2. A structural unit according to claim 1, wherein the two
half-shells are detachably connected to one another.
3. A structural unit according to claim 2, wherein the two
half-shells are detachably connected to at least one end of the
connecting element by a screw-washer joint.
4. A structural unit according to claim 1, wherein the two
half-shells are integrally formed.
5. A structural unit according to claim 1, wherein the first
electrode and/or the second electrode is detachably connected to
the connecting element.
6. A structural unit according to claim 5, wherein the connecting
element has an inner thread on at least one end thereof, and the
first electrode and/or second electrode is detachably connected by
screws to the connecting elements.
7. A structural unit according to claim 1, further comprising
spacer elements provided between the first half-shell and the first
electrode and/or between the second half-shell and the second
electrode.
8. A structural unit according to claim 7, wherein the spacer
elements are electrically conductive and are connected to one
another by an electrically conducting transverse connecting
element.
9. A structural unit according to claim 1, wherein both half-shells
comprise a plastic.
10. A structural unit according to claim 1, wherein the carrier
element comprises metal.
11. A structural unit according to claim 1, wherein the connecting
element comprises a core of copper and a sheath of titanium or a
titanium alloy.
12. A structural unit according to claim 1, wherein one of said
electrodes comprises a gas diffusion electrode.

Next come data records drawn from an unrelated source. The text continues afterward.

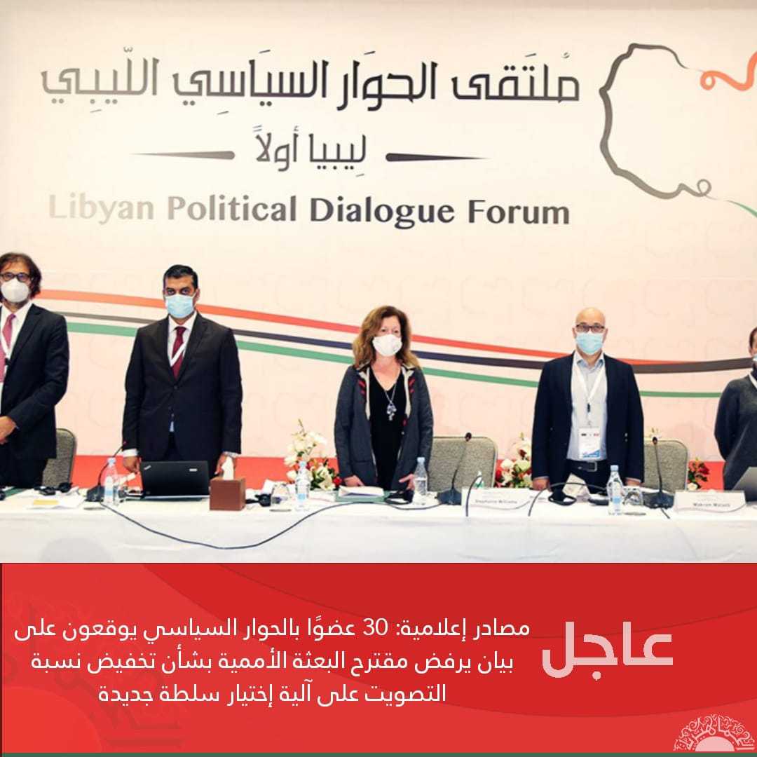 عاجل// مصادر إعلامية: 30 عضوًا بالحوار السياسي يوقعون على بيان يرفض مقترح البعثة الأممية بشأن تخفيض نسبة التصويت على آلية إختيار سلطة جديدة
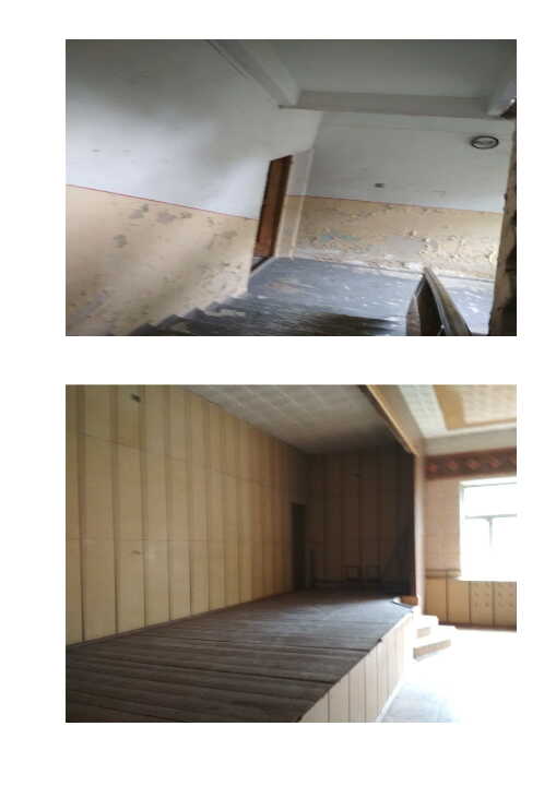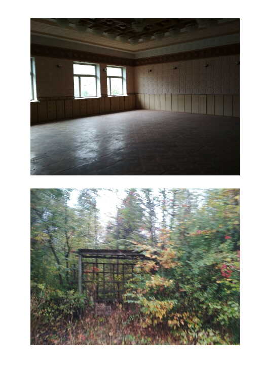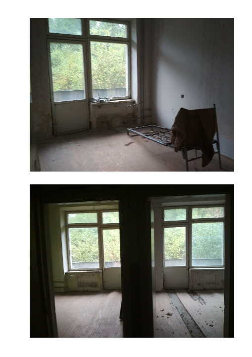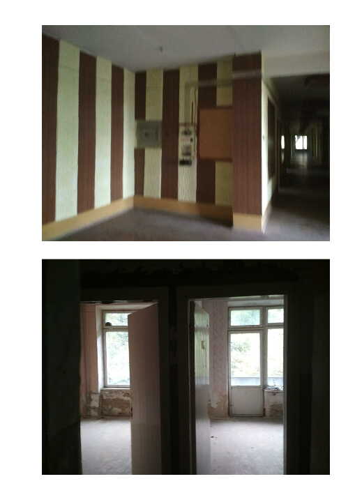 Санаторій літ. А. Перший поверх: підлога - декоративна стяжка з мраморною крошкою, в кімнатах частково паркет, частково плитка ПВХ, в господарських приміщеннях – керамічна плитка; стіни цегляні, в коридорах спорядження з гіпсових плит, в столовій деревяні панелі та гіпсові плити, в інших приміщеннях штукатурка з пофарбуванням та частково керамічна плитка, стан спорядження – сильно пошкоджений; Другий поверх: підлога – паркет, стіни в кімнатах – штукатурка, фарбування, стан спорядження – сильно пошкоджений; Третій поверх: підлога – паркет, стіни в кімнатах – штукатурка, фарбування, стан спорядження – сильно пошкоджений; покрівля санаторію – залізно-оцинкована. Система опалення електрики, водопостачання відсутні. Вікна деревяні, рами засклені, частково пошкоджені.
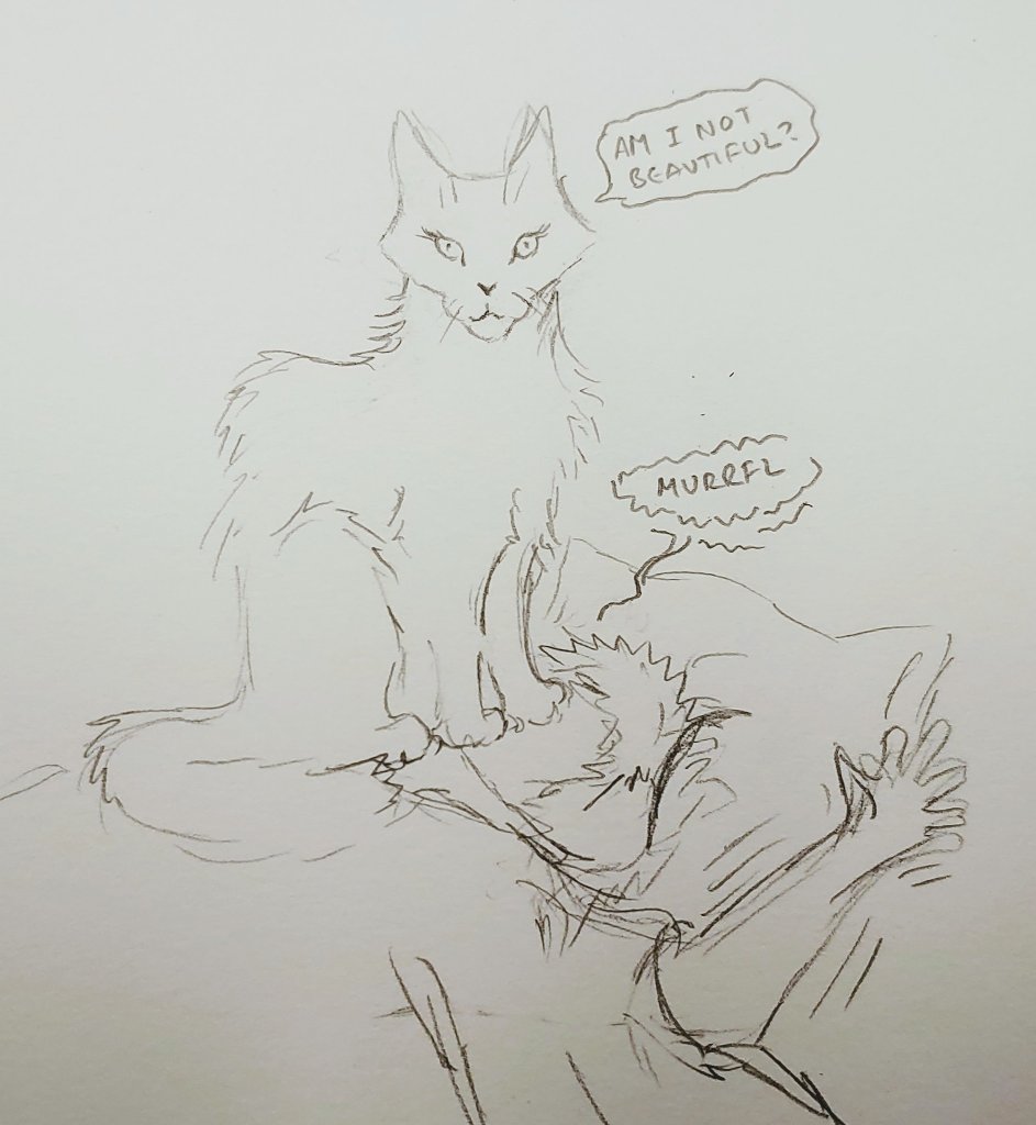This is my first Inktober. I’ll be drawing pictures, comics, and characatures of the cats of Mew-Mew House at Second Guess Farm.
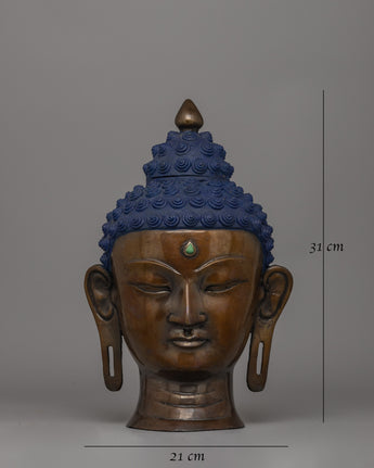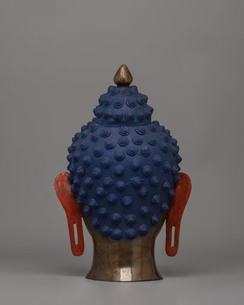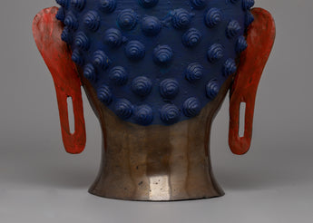 The Bronze Buddha Head Statue is a wonderfully created sculpture that captures the Buddha's tranquility and wisdom. This statue is constructed of oxidized bronze and is 31 cm in height and 21 cm in width, weighing 2.39 kg. It has a timeless and ancient aspect. Adding acrylic paint improves its appearance, with the Buddha's hair's bright blue curls standing out in stark contrast to the golden body. The beautifully crafted facial expression oozes serenity and spirituality, making it an ideal depiction of contemplative tranquility.
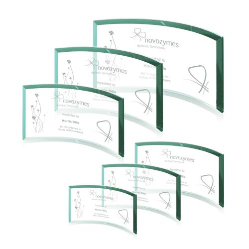 Enhance the significance of your recognition moments with our Crescent Jade Glass Trophy, a sophisticated award exuding elegance and a contemporary charm. Crafted from premium 0.375" thick jade glass, this freestanding curved and beveled rectangle trophy stands out with a subtle green tint, giving it a touch of warmth and depth. The trophy's crescent design lends a modern silhouette that is perfect for displaying on any mantel, shelf, or desk. Available in a versatile range of sizes including 3.5" x 6", 4" x 8", 5" x 9", and 6" x 11", to suit varying levels of achievement and recognition. With its ample space for personalized engravings and messages, this glass trophy is the ideal canvas to honor excellence, mark milestones, or celebrate special events in a truly memorable way.
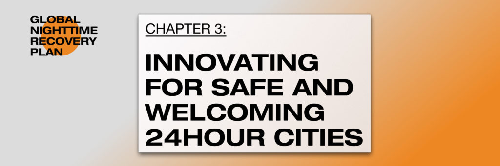 GNRP Chapter 3: Innovating for Safe and Welcoming 24-Hour Cities explores case studies, challenges and possible solutions for welcoming citizens back to their cities at night, presented in three key sections:
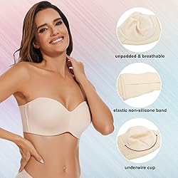 Silicone-Free Anti Slip and special type of band is sticked on top of the cups to prevent slipping and no worry about skin discomfort. Underwire cup makes sure this strapless in place The side and edge seams are elastic to prevent displacement and ensure a customized fit. The smooth and elastic material adds additional invisible lift up and support Minimizer bra cups can reduce protrusion, provide a smooth and flawless look. And busty woman can fit T-shirt and tight top perfectly Removable, convertible straps offer ultimate outfit versatility. Perfect for strapless evening dress, off shoulder dress or top, wedding, party, graduation prom etc. Ultra-thin unpadded and plus size cup, silky texture for your skin to breathe freely and more comfortable. Size from 38D to 44DD, especially suitable for women with large busts
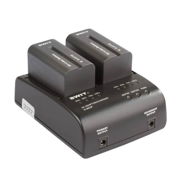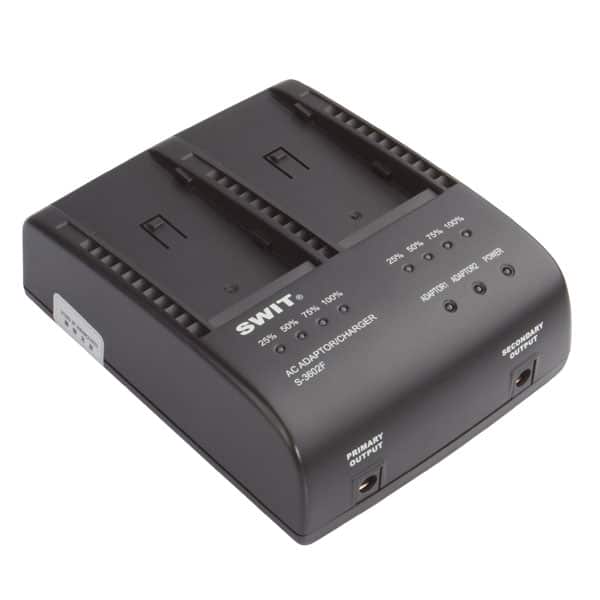 Le chargeur SWIT S-3602F dispose de deux canaux de charge avec sortie 7-8,4 VDC, 2A chacun pour charger deux batteries simultanément. Il est compatible avec les batteries SWIT S-8972/S-8970 et Sony série L. Les indicateurs de charge LED à quatre niveaux, pour chaque canal, indiquent le pourcentage de charge restant.
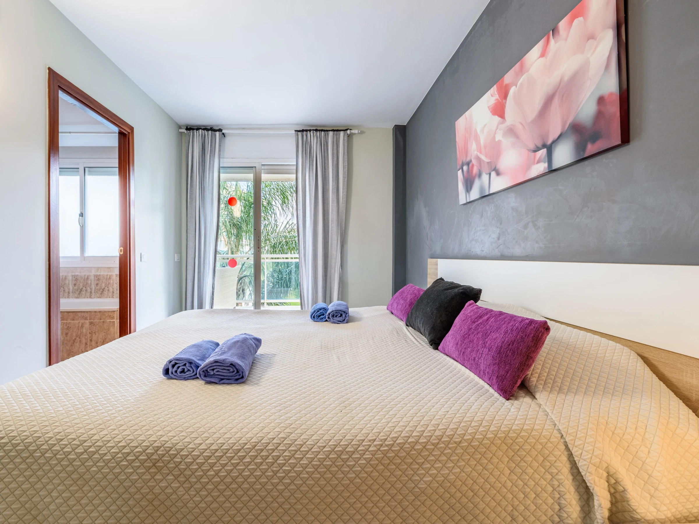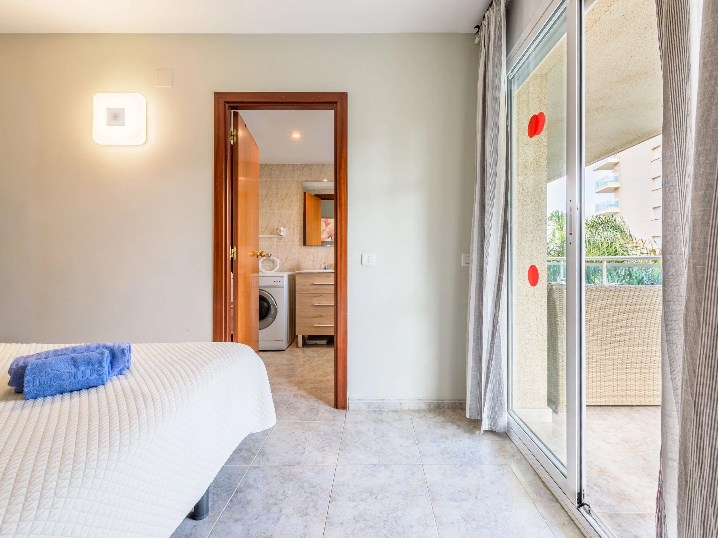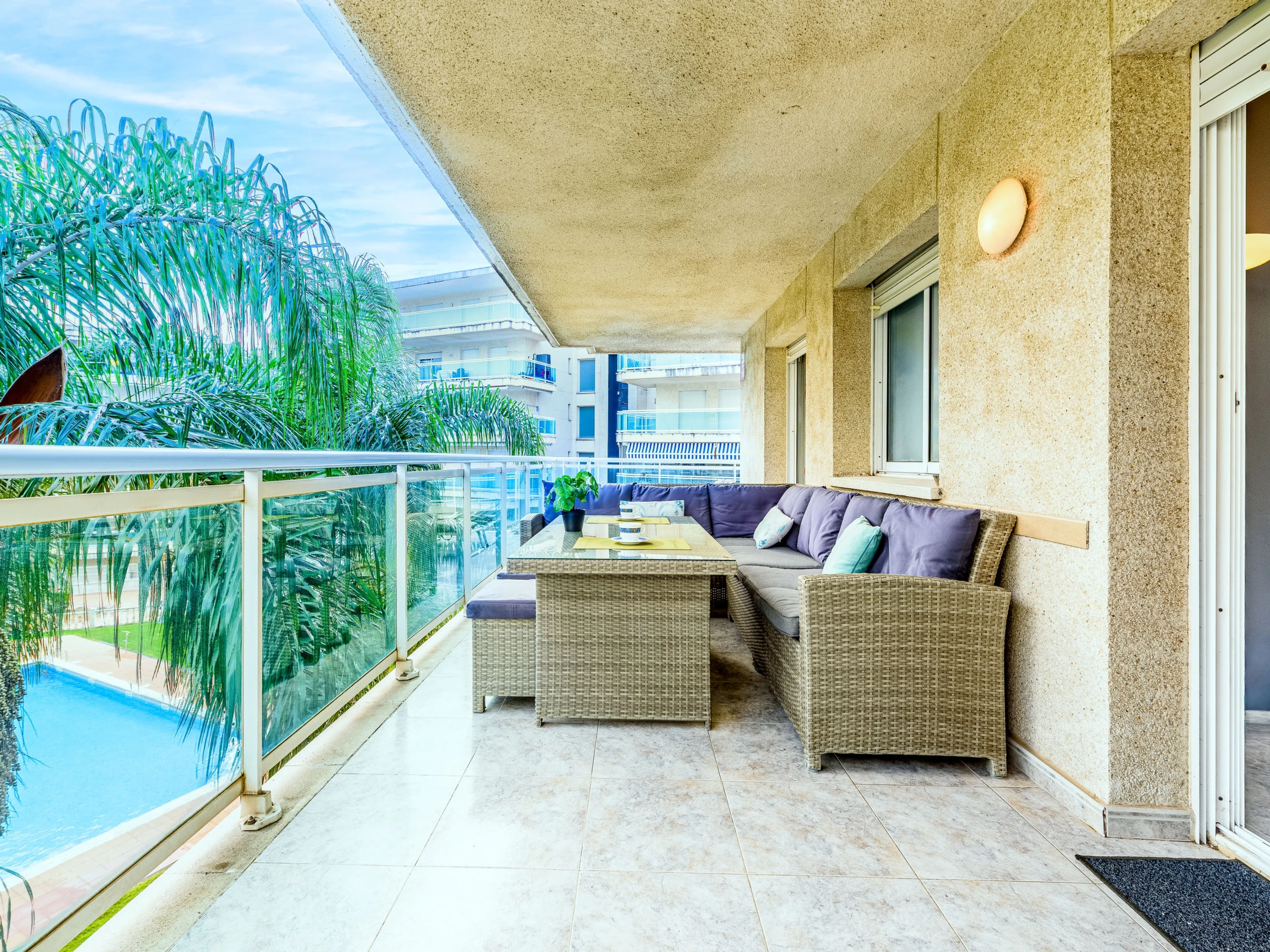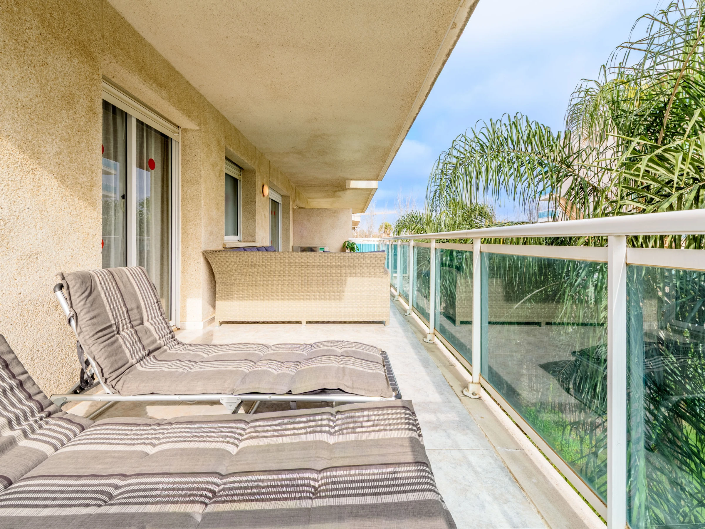 "Villa Park", apt 3 pièces 60 m2 au 3ème étage. Aménagement fonctionnel et plaisant: séjour/salle à manger avec TV et Télévision numérique (écran plat). Sortie sur la terrasse. 1 chambre avec 1 grand-lit (150 cm, longueur 190 cm). Sortie sur la terrasse. 1 chambre avec 2 lits (90 cm, longueur 190 cm). Cuisine (four, lave-vaisselle, 4 plaques vitrocéramiques, micro-ondes, cafetière électrique, Capsules pour machine à café (Dolce Gusto) (NON INCLUSES)) avec chauffe eau (50 litres). Bain/WC, douche/WC. Air-conditionné, chauffage à air chaud. Grande terrasse 24 m2. Mobilier de balcon, chaises longues (2). Vue sur la piscine. A disposition: lave-linge, fer à repasser, sèche-cheveux. Internet (Connexion WIFI, gratuit). Veuillez noter: logement non-fumeur. Maximum 1 animal/ chien de petite taille autorisé. [hidden] // Reg. Nr.: ESFCTU00004302400064847000000000000000[hidden]-721

13. A structural unit of claim 9, wherein said plastic comprises
polytetrafluoroethylene, PVDF and/or CPVC.
14. A structural unit of claim 10, wherein said metal comprises
steel.
15. A structural unit of claim 11, wherein said titanium alloy
comprises a titanium-palladium alloy or titanium-ruthenium
alloy.
16. A bipolar electrolyzer comprising a structural unit of claim
1.
17. A method for electrolysis of an aqueous solution of HCl
comprising: utilizing a structural unit comprising at least two
half shells, at least one of said half shells comprising
plastic.
18. A method for servicing an electrolyzer comprising: removing a
half shell from said electrolyzer, and repairing and/or replacing
said half shell in said electrolyzer.
19. An electrolyzer adapted for electrolysis of an aqueous solution
of HCl comprising: a structural unit formed of at least two shells,
one shell of which comprises plastic and wherein a first electrode
is provided in one of said shells and a second electrode is
provided in another of said shells.
20. An electrolyzer of claim 19, wherein two half shells are
employed, and said two half shells are detachably connected to each
other.
Description
CROSS REFERENCE TO RELATED APPLICATIONS
[0001] The present application claims priority under 35 U.S.C.
.sctn.119 to German Application No. 10347703.9 filed Oct. 14, 2003,
the content of which is incorporated herein by reference in its
entirety.
BACKGROUND OF THE INVENTION
[0002] 1. Field of the Invention
[0003] The present invention relates generally to a structural unit
for bipolar electrolyzers according to a filter press technique, in
particular for the electrolysis of an aqueous solution of hydrogen
chloride according to a membrane process.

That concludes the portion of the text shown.